In recent months, we’ve heard a lot about the red wine ingredient resveratrol. It’s been mentioned as a treatment for everything from heart disease to osteoarthritis to cancer. In fact, in January 2009, the CBS TV News program 60 Minutes interviewed researchers who proclaimed a modern-day fountain of youth “ resveratrol.
The mythical fountain of youth sought by Spanish explorer Juan Ponce de León in the 1500s was supposed to confer eternal youth on anyone who drank from it. In correspondent Morley Safer’s 60 Minutes interview with Dr. Christoph Westphal (one of the scientists who is studying the red wine ingredient resveratrol), Safer inquired whether Westphal thought that resveratrol might be some kind of a rejuvenation drug that would turn a 70-year-old into a 35-year-old. If that were the case, we could indeed infer the parallel: Fountain of Youth=Resveratrol.
However, Westphal was careful to draw the line. Although his partner in Sirtris Pharmaceuticals, Dr. David Sinclair, has shown that resveratrol controls aging in yeasts, worms, fruit flies, fish, and “ most recently and spectacularly “ in mice, we still don’t know if that can be extended to humans. The Linus Pauling Institute reminds us that even though mice and humans share a homologous enzyme (one having the same appearance, structure, or evolutionary origin), that doesn’t necessarily mean that the effect of resveratrol in mice would be duplicated in humans (Linus Pauling Institute at Oregon State University). To discover whether these findings also apply to humans, in vitro (test tube) testing will not be sufficient. Clinical trials, in vivo (in living people), will be required. Such trials would need to be many years in length.
Dr. Westphal answered Morley Safer’s question by saying, I think we can slow down these genes that control the aging process. Does that mean that science is getting closer to developing a pill that can keep us young forever?
Not exactly.
What it does mean is that Sirtris and a few other biotech companies are putting their time and money into developing new drugs based on resveratrol. It appears that there is a human longevity gene, homologous to the gene in mice. Resveratrol in mice can activate this gene; and it may be able to activate it in humans as well, much as caloric restriction turns on the same survival switch.
Evidence for the caloric-restriction theory of longevity comes from a recently-released 20-year study of rhesus monkeys at the University of Wisconsin. Dr. Richard Weindruch, lead researcher for the study, reported that the monkeys whose caloric intake had been severely restricted for 20 years were healthier than the control monkeys, who had been fed a normal diet for 20 years. Additionally, the calorie-restricted monkeys suffered less diabetes, cancer, and heart disease, apparently confirming that caloric restriction holds off the degenerative diseases of aging in primates. Dr. Sinclair cited the primate study along with Sirtris’s work on the longevity gene, saying that both caloric restriction and resveratrol have the ability to delay, if not entirely prevent, these diseases of aging. Even without an increase in longevity, he said, it would be a huge advance if we could develop a single drug that postponed many degenerative diseases.

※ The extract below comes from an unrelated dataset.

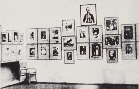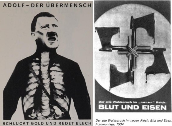 Ausstellungswand mit Fotomontagen John Heartfields – nach der „Säuberung“ des Schaukastens (Douglas Kahn, John Heartfield: Art and Mass Media, New York 1985, 8)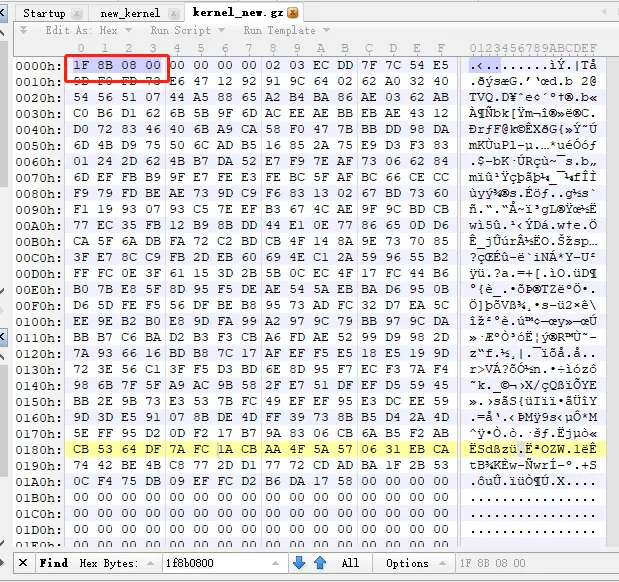 用010editor打开,ctrl+F搜索1f8b0800,然后把前面的都删掉(不包括1f8b0800,1f8b0800是gz的标志,同样的ramdisk也可以解开),另存为kernel_new.gz,原文件kernel之后还要用,不要覆盖掉

So perhaps, if not precisely the Fountain of Youth, resveratrol is capable of preventing or postponing the degenerative diseases that differentiate youth from age. Aging might not be considered a problem, if we could pass through the Golden Years with the energy and health of youth! We’ll be watching as new studies are announced, to see how this red wine ingredient resveratrol performs in other tests.